I don't know how Exchange/Outlook work, but some IMAP clients will delete stuff from the local folders if you've set them to synchronize with the server, and the document is deleted from the server. I know someone who apparently lost a lot of email this way (they synched, then went in via webmail and deleted it all, then synched again the next day -- whammo, no more email). Make sure at the least that you move the messages into a Local folder that's not synchronized or linked in any way to the server.

Granted, I'm really paranoid, but I'd immediately export everything to the most generic format possible (there is an extension for Thunderbird to export to 'mbox' format, which is the traditional format and would be my choice) and then put it on CD. If you can do that before the messages disappear from the server, that would be what I'd aim for.
posted by Kadin2048 at 9:58 PM on October 22, 2007


Seconding the using thunderbird, I gave instructions on Outlook since you already have that setup.

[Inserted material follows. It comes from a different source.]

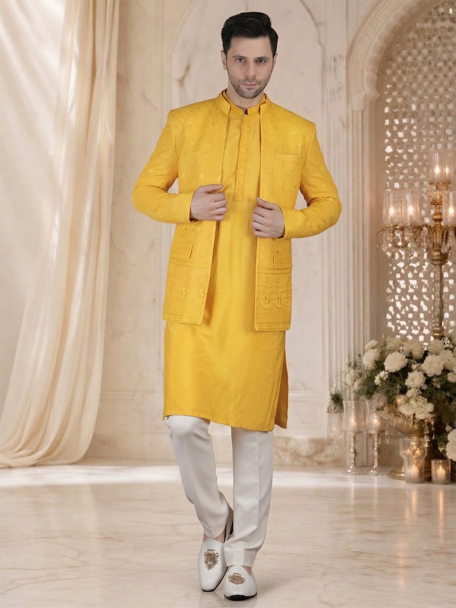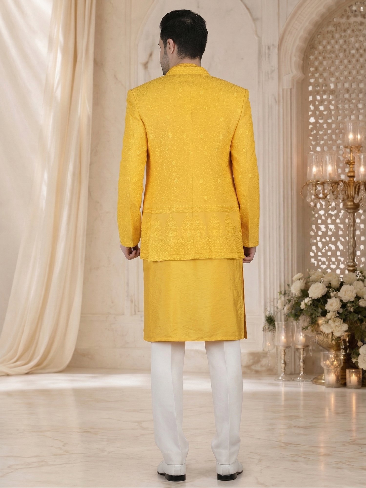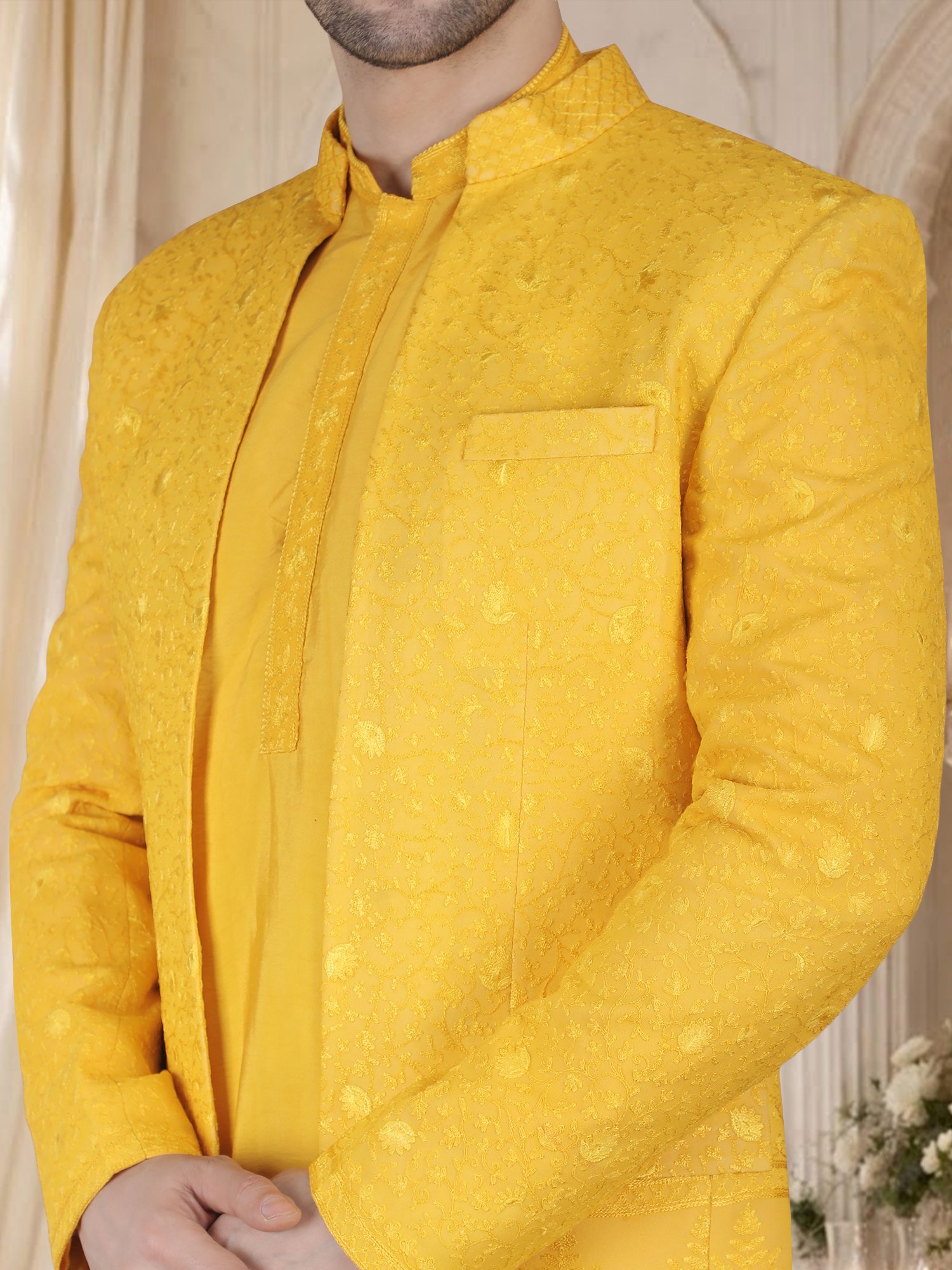 Yellow Thread Embroidery Bandhgala Set for Haldi Ceremony

If you are still looking for an email host, I would also just look at going with a paid domain to host it. I switched to pair.com over 6 years ago, I pay $17/month to host my entire families emails, and run some blog / php / web gallery stuff so they can upload photos and share them with other folks.

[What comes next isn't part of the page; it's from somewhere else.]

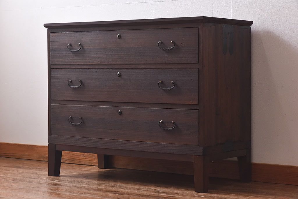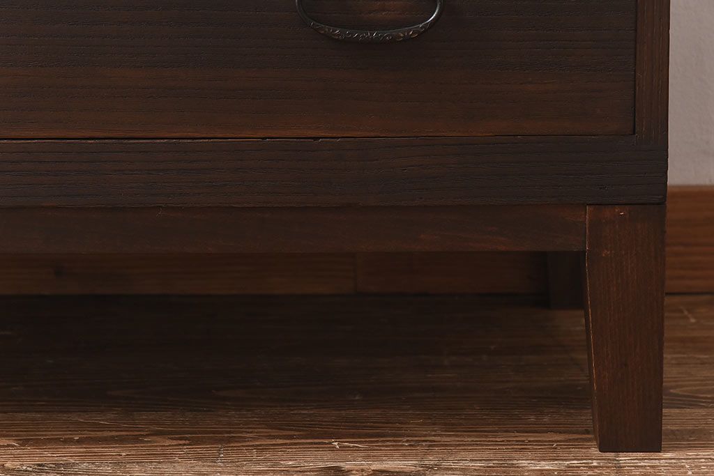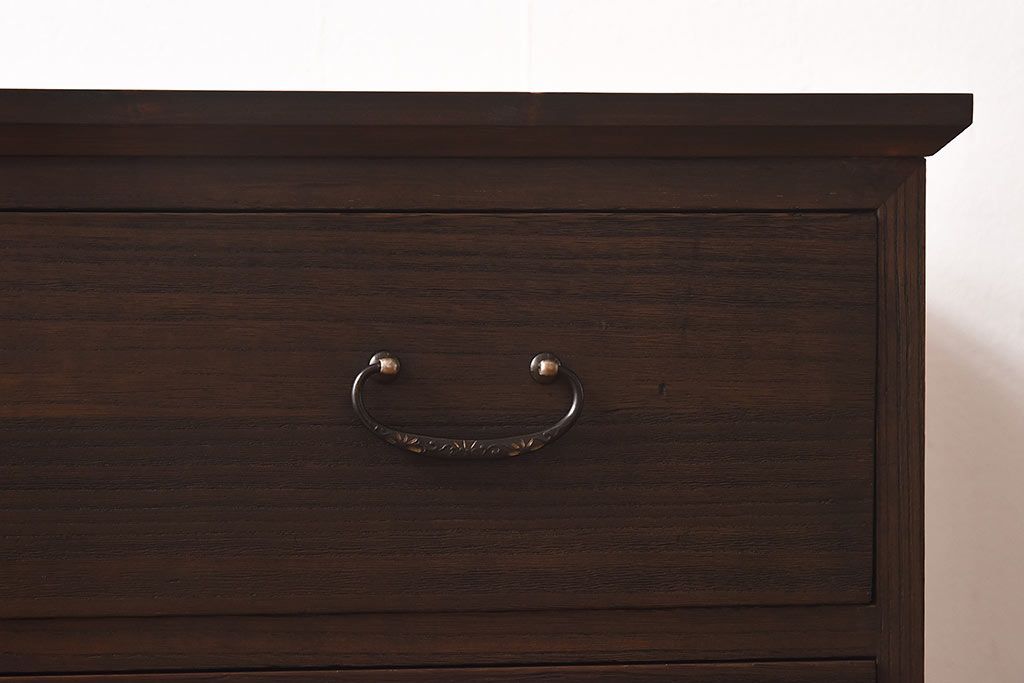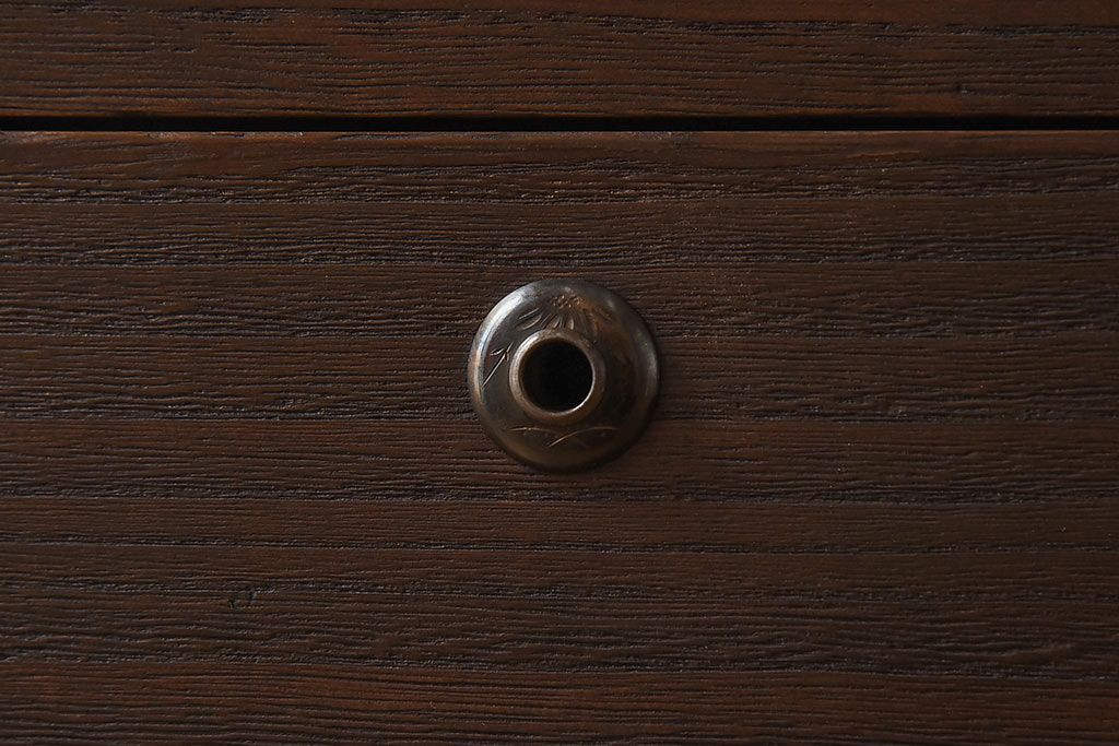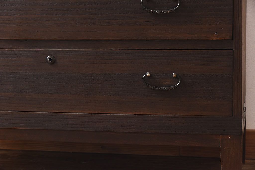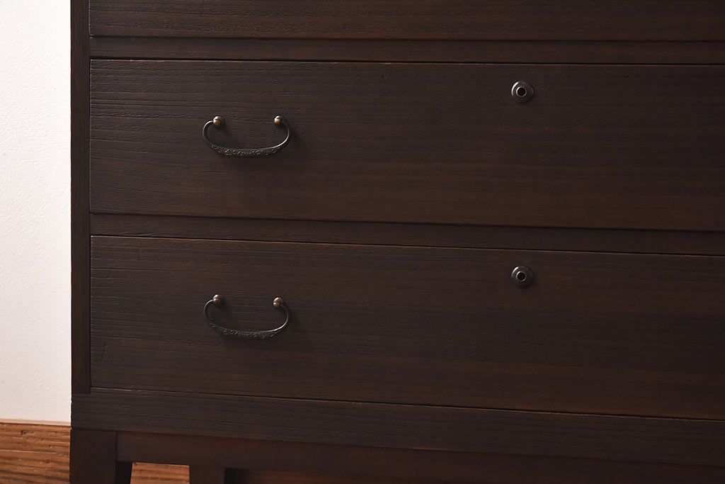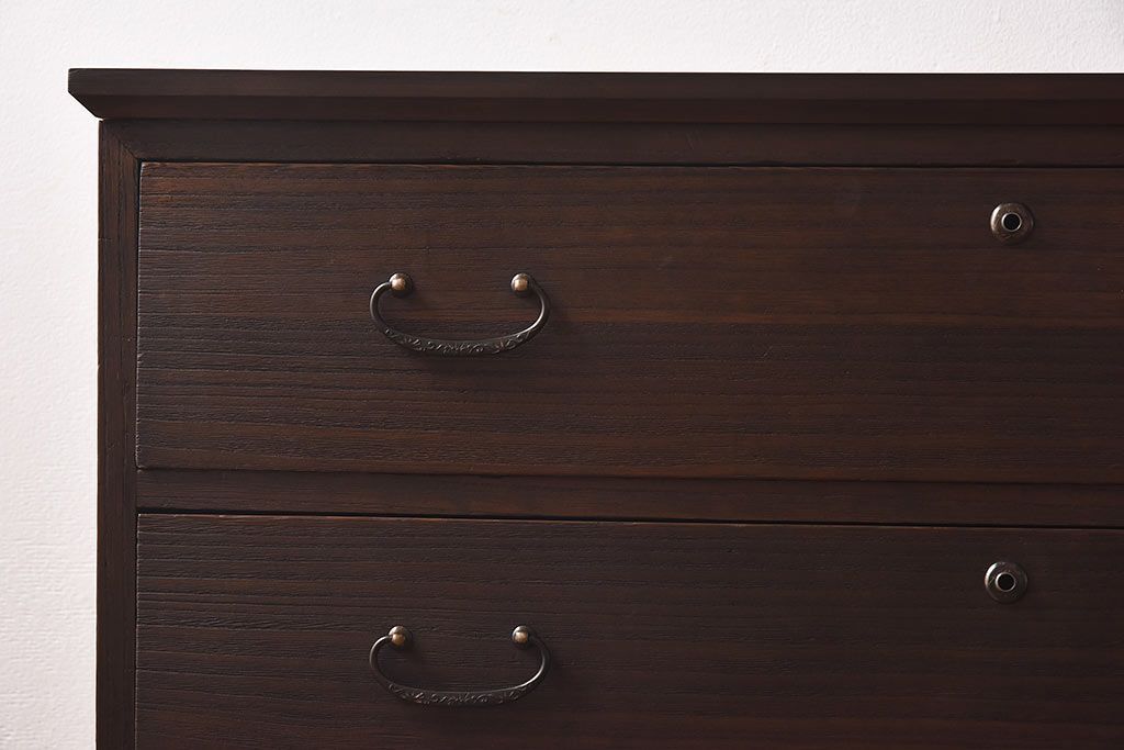 ラフジュ工房> 和箪笥> 衣装箪笥 > アンティーク家具 昭和中期 当時ものの取っ手が愛らしい脚付箪笥ローチェスト(ローボード、衣装箪笥)

They do imap and even have a decently latest version of squirrel mail (you can select all, etc.).

If you want to go the route of hosting your email locally or on a server you own, Kerio Mail Server is pretty awesome, and is what I have my emails filtered through, since it's webmail and spam filter blows squirrel mail away (Kerio is also running on a colleagues server on his business cable line, so it is handling a much smaller load, hence more feature rich web experience, than pair's servers).
posted by mrzarquon at 10:23 PM on October 22, 2007


You don't actually need an extension to get mboxes out of Thunderbird, since that's what it uses natively.

%userprofile%\Application Data\Thunderbird\Profiles\gibberish.default\mail

is where you'll find them.
posted by flabdablet at 1:31 AM on October 23, 2007


If they're using squirrelmail there should be an option to allow downloading mail folders - that may be a plugin in squirrelmail. Maybe if you call and ask nicely they will install it?

Oh yes, here it is, the archive mail plugin.